Best Types of Writing and Grammar Exercises for High School Teachers
Keep students engaged and support their development as writers by giving them opportunities to practice these key writing and grammar skills.
From crafting essays to filling out lab reports to responding to short-answer test questions, a great deal of the work high school students complete on a daily basis involves writing. One way to ensure students become better writers is to provide them with consistent opportunities to practice grammar and conventions throughout their time in high school.
Below are several types of writing and grammar exercises you can incorporate into your lesson plans to help students in your classes improve and feel more confident in their writing.
1. Parts of an essay exercises
Adhering to an established essay structure enables a writer to present their thoughts cohesively and lead their audience to the desired takeaway. Of course, doing so is easier said than done, especially for young writers. To make students more comfortable with common essay structures, try assigning exercises that zero in on specific parts of essays.
Looking for a place to start? Help students develop stronger body paragraphs by guiding them through how to properly embed evidence. After pre-teaching, assign Practice exercises that ask students to distinguish strong evidence from evidence that’s not factual, credible, or relevant, paraphrase evidence without plagiarizing, and use strong reasoning to connect evidence to a claim. As students master these skills, provide them with an opportunity to apply the skills by assigning a Quick Write that emphasizes building arguments.

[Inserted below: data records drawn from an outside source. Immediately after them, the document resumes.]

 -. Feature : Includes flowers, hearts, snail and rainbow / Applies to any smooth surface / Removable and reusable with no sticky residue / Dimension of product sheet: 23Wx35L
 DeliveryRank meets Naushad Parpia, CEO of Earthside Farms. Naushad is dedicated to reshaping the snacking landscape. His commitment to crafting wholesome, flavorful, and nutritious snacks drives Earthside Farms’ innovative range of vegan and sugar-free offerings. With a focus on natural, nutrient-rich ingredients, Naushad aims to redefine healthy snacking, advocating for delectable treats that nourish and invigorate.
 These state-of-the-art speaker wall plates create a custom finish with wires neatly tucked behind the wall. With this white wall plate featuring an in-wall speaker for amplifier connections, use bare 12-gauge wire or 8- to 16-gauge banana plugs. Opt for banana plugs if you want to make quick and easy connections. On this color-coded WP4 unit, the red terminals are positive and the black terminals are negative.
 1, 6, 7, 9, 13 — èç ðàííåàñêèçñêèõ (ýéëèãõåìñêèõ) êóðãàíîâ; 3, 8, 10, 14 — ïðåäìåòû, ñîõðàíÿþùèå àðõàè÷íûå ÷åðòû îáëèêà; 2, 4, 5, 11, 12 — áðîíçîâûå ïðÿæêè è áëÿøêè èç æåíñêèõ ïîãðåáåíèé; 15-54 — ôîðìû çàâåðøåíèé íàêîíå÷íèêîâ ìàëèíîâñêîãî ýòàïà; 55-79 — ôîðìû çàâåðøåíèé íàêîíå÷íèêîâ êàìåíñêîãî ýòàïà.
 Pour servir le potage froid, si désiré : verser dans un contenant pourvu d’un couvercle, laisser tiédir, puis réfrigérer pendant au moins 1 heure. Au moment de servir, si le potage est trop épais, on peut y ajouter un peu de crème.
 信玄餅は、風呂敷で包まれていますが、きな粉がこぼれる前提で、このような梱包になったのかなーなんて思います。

2. Clarity and style exercises
Grammar practice focused on clarity and style makes student writing more concise, easier to read, and, ultimately, more interesting. For example, if you’re covering active and passive voice, start with exercises that ask students to identify cases of active and passive voice. As students become familiar with the differences in voices, move on to exercises that ask students to rearrange sentences to create different points of emphasis.

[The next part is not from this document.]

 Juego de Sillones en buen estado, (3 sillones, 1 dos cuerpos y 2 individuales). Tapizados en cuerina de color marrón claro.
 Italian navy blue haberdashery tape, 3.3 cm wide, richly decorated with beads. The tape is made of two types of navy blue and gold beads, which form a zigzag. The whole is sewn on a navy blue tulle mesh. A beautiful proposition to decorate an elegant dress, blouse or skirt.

When it comes to giving students opportunities to apply the clarity and style skills they’ve developed, variety is key. Over the course of a year, consider assigning several Guided Draft essays, each of which delivers scaffolding specific to genres ranging from persuasive to expository to narrative.
3. Parts of speech exercises
Understanding the various parts of speech—and how they differ from each other—helps students craft strong sentence structures and correctly apply writing conventions like capitalization and punctuation. While many high school students will have spent a significant amount of time learning about parts of speech in elementary and middle school, assigning more advanced parts of speech grammar exercises is a great way to reinforce and expand student skills.
For example, have students work on pronoun-antecedent agreement by assigning Practice exercises that ask them to replace repeated nouns with appropriate pronouns, determine whether pronouns agree, and fill in missing pronouns to complete sentences. For classes of juniors and seniors, consider focusing on grammar exercises that show them how to identify the function of verbals in a sentence.
4. Text set-based exercises
Presenting grammar exercises in an engaging way ensures students retain what they’re learning and understand how grammar and conventions rules play out in the real world. Nothing makes skills practice come alive quite like situating it in the context of a high-interest text passage.
As such, text set-based Passage Quizzes are a highly effective way to facilitate grammar practice. You can use a Passage Quiz as a culminating assignment after students complete related exercises, as a starting point for an additional assignment like a follow-up Quick Write on the passage’s topic, or as a way to practice skills commonly assessed on the ACT® or SAT®.